DATA PROVIDED
--

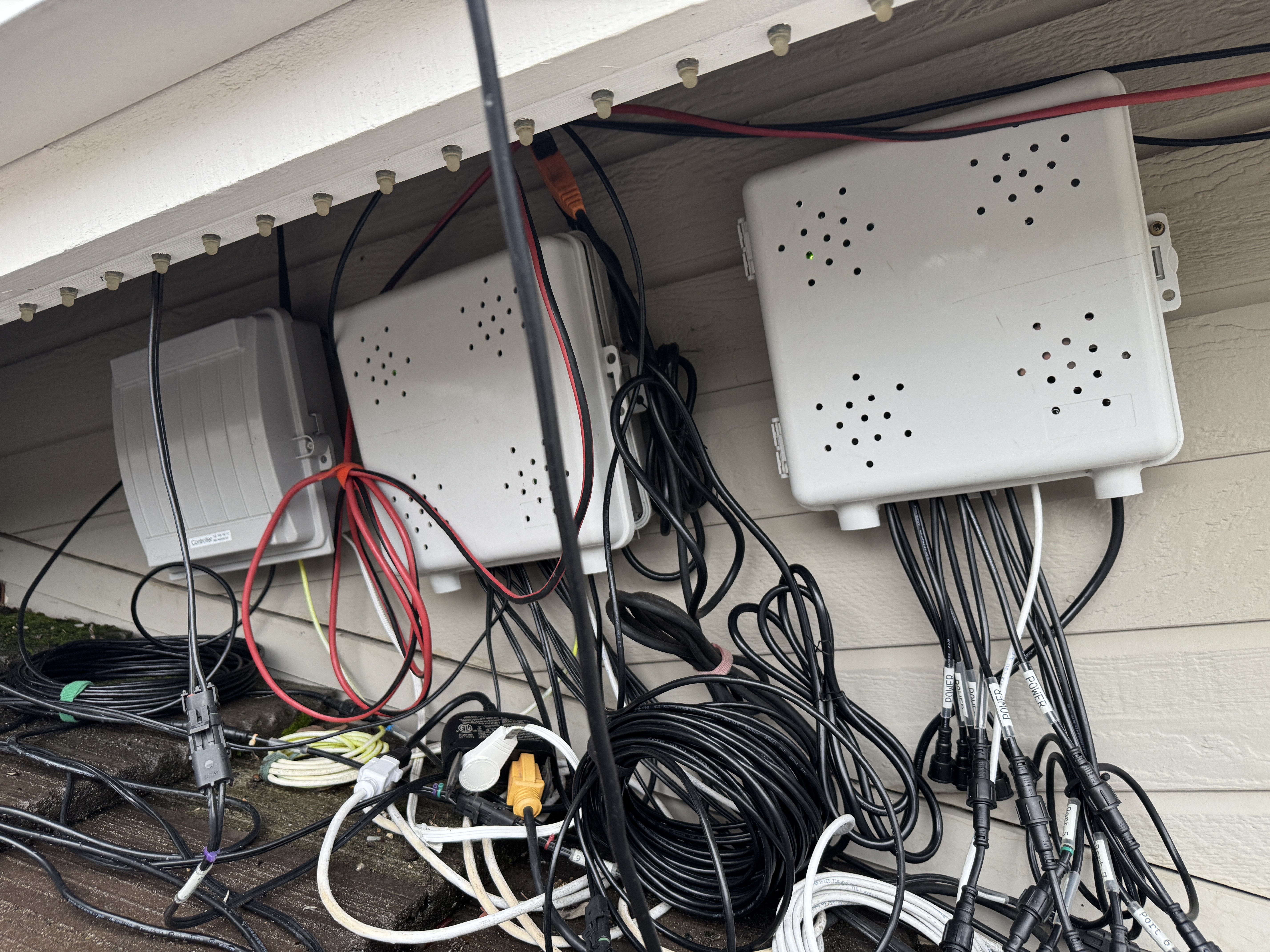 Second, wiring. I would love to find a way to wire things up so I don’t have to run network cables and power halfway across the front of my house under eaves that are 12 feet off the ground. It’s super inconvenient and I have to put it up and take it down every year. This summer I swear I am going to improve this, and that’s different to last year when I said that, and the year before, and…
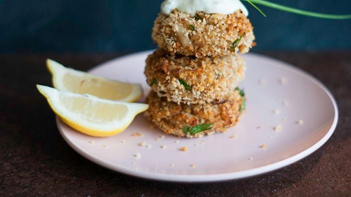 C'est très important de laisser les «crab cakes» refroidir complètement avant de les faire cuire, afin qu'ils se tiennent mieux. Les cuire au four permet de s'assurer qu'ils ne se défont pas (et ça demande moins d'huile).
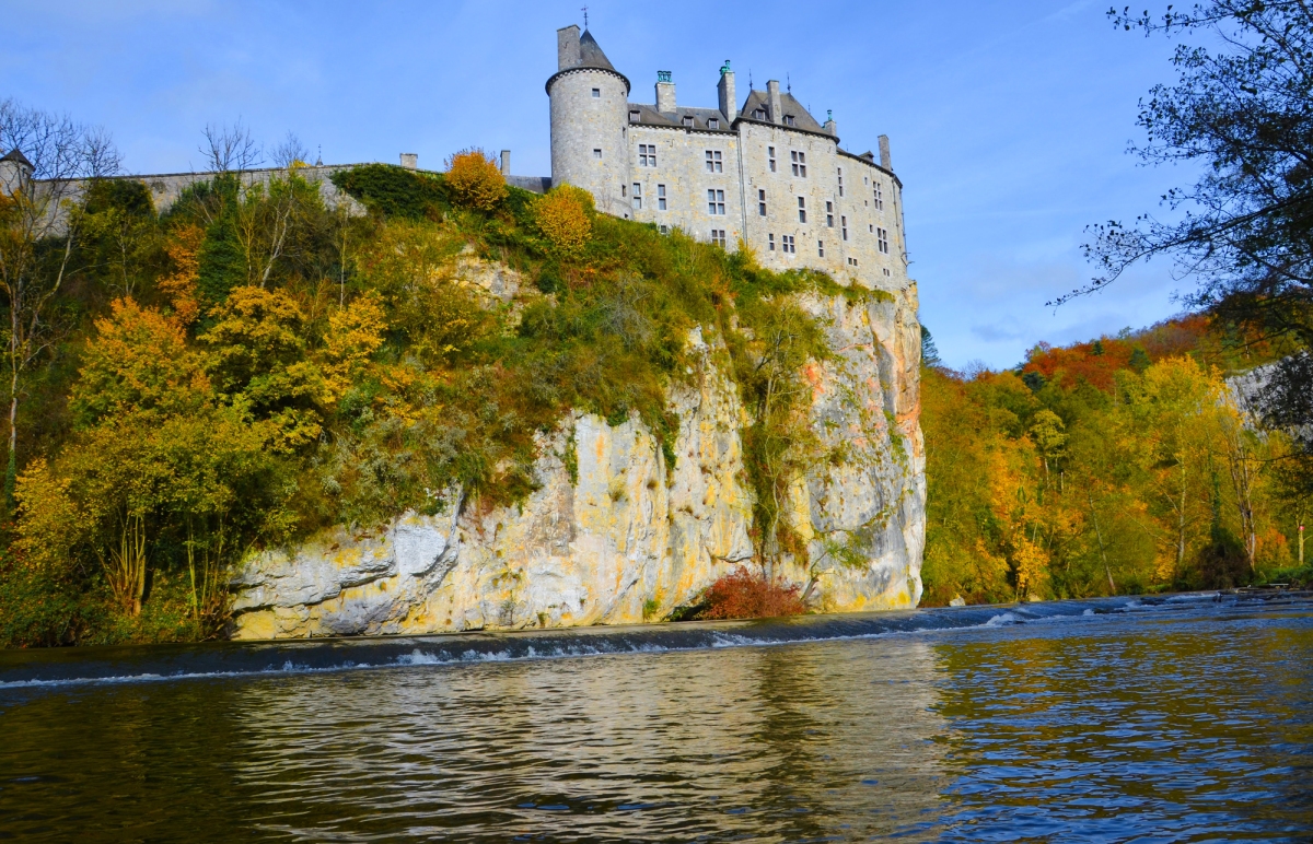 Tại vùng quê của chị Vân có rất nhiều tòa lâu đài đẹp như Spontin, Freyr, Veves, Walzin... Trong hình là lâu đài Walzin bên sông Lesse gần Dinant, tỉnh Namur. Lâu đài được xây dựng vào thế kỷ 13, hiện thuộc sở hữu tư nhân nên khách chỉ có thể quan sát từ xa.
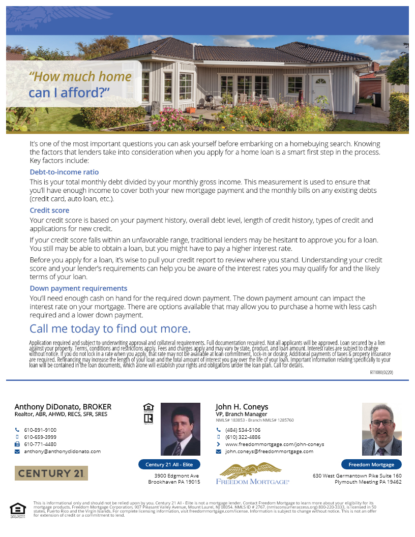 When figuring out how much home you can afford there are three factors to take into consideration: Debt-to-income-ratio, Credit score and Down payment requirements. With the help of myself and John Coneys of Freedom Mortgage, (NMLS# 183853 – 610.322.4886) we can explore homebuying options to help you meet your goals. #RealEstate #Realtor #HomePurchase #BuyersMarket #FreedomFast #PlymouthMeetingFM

--

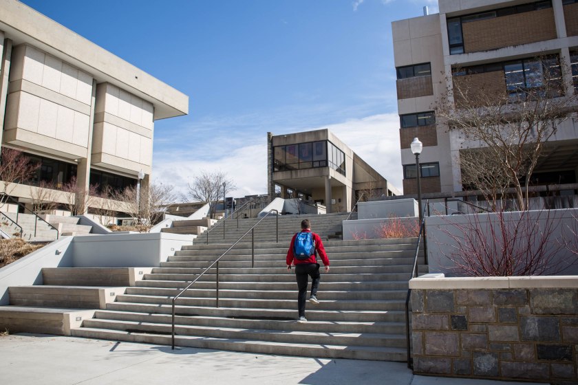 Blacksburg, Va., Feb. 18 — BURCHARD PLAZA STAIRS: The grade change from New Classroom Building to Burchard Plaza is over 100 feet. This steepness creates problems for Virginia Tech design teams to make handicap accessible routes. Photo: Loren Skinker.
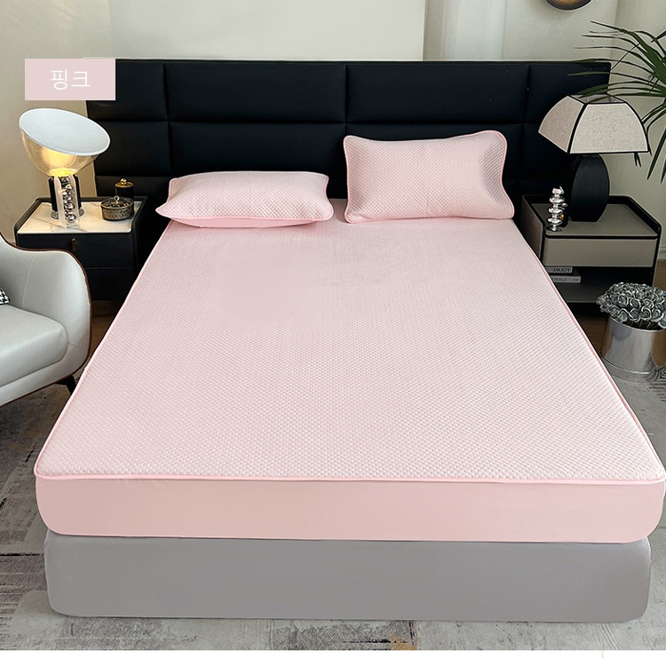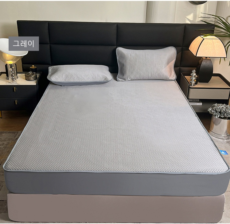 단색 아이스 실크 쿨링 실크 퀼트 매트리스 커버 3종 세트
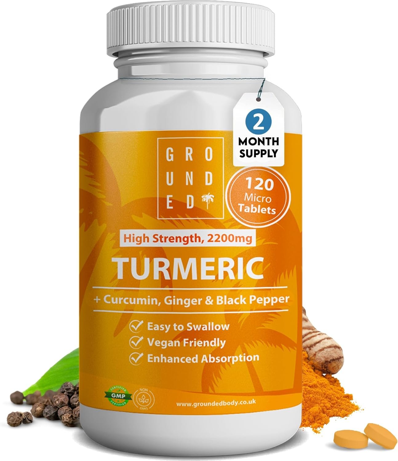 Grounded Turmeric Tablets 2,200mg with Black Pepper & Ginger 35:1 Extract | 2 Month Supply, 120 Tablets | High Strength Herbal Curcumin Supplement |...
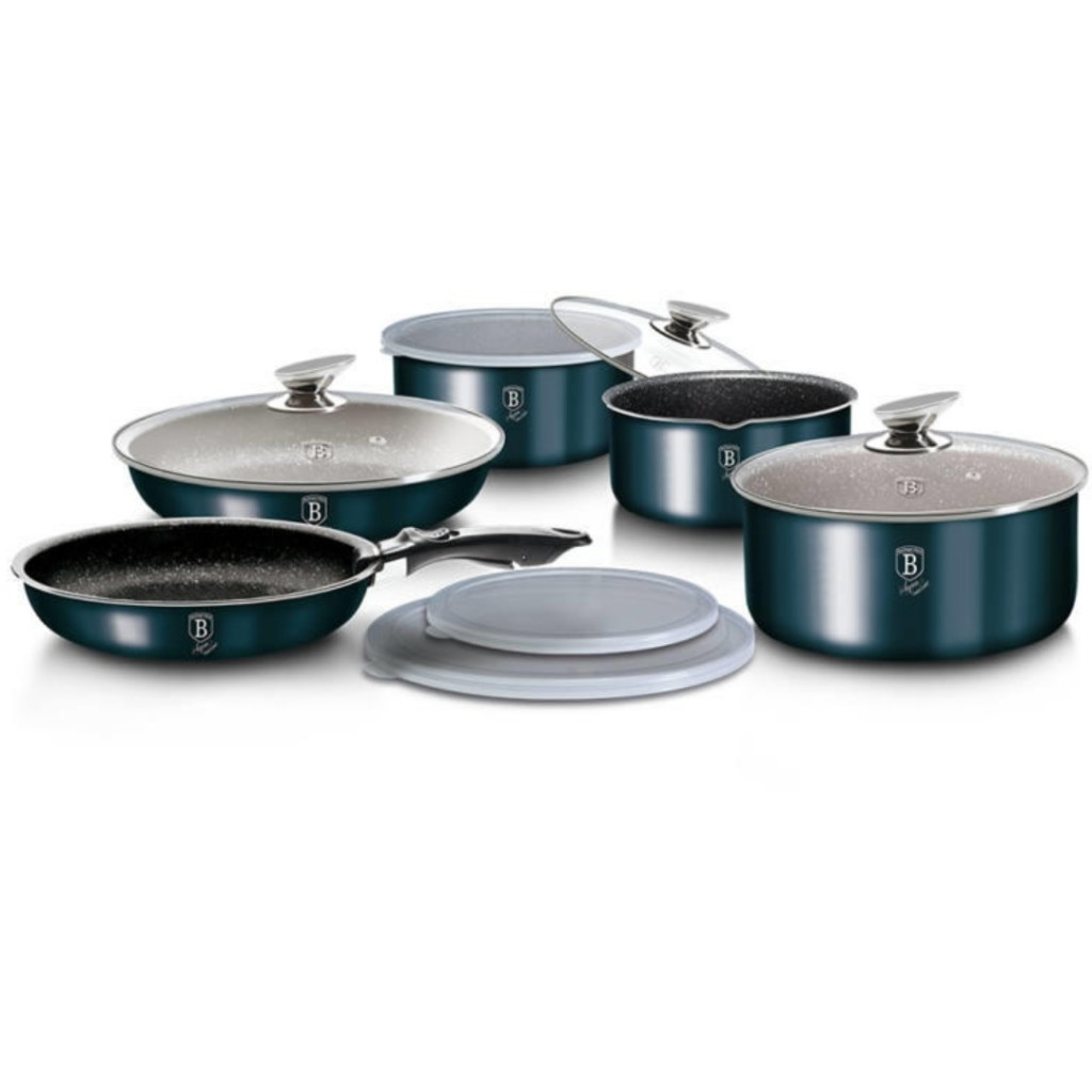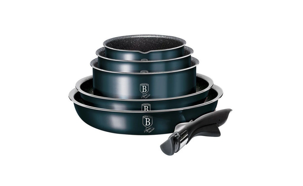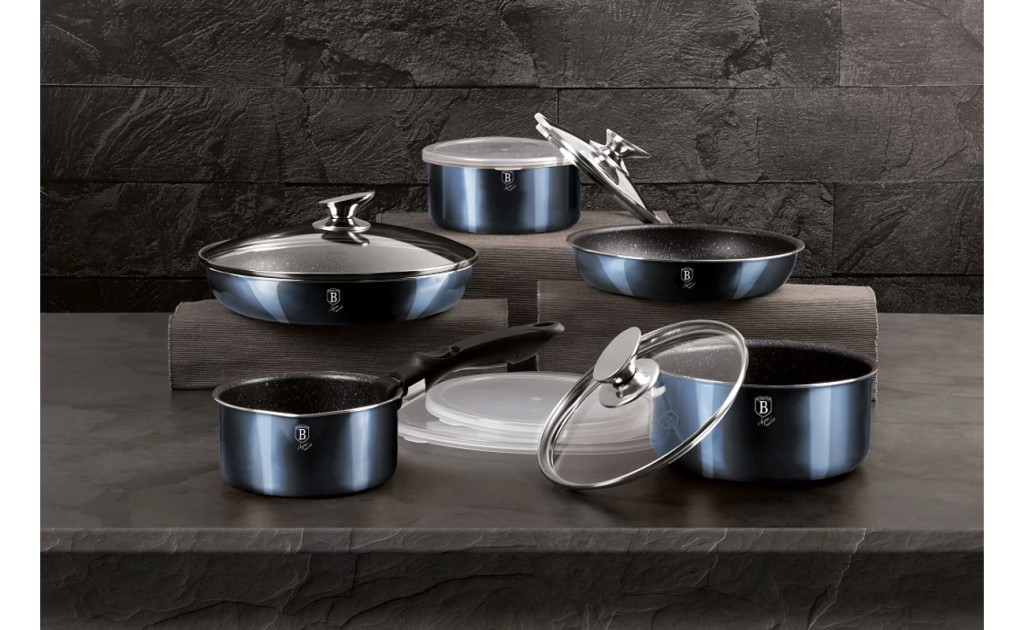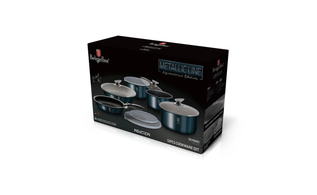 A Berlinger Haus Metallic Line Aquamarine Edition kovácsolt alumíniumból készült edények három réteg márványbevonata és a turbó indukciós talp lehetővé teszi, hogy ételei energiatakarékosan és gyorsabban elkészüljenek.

--

AIM OF THE TASK
From the data above, retype only the lines starting with the line with "Second, wiring. I" and going on through the line with "Tại vùng quê", exactly, leaving out the pictures.

TASK OUTPUT
 Second, wiring. I would love to find a way to wire things up so I don’t have to run network cables and power halfway across the front of my house under eaves that are 12 feet off the ground. It’s super inconvenient and I have to put it up and take it down every year. This summer I swear I am going to improve this, and that’s different to last year when I said that, and the year before, and…
 C'est très important de laisser les «crab cakes» refroidir complètement avant de les faire cuire, afin qu'ils se tiennent mieux. Les cuire au four permet de s'assurer qu'ils ne se défont pas (et ça demande moins d'huile).
 Tại vùng quê của chị Vân có rất nhiều tòa lâu đài đẹp như Spontin, Freyr, Veves, Walzin... Trong hình là lâu đài Walzin bên sông Lesse gần Dinant, tỉnh Namur. Lâu đài được xây dựng vào thế kỷ 13, hiện thuộc sở hữu tư nhân nên khách chỉ có thể quan sát từ xa.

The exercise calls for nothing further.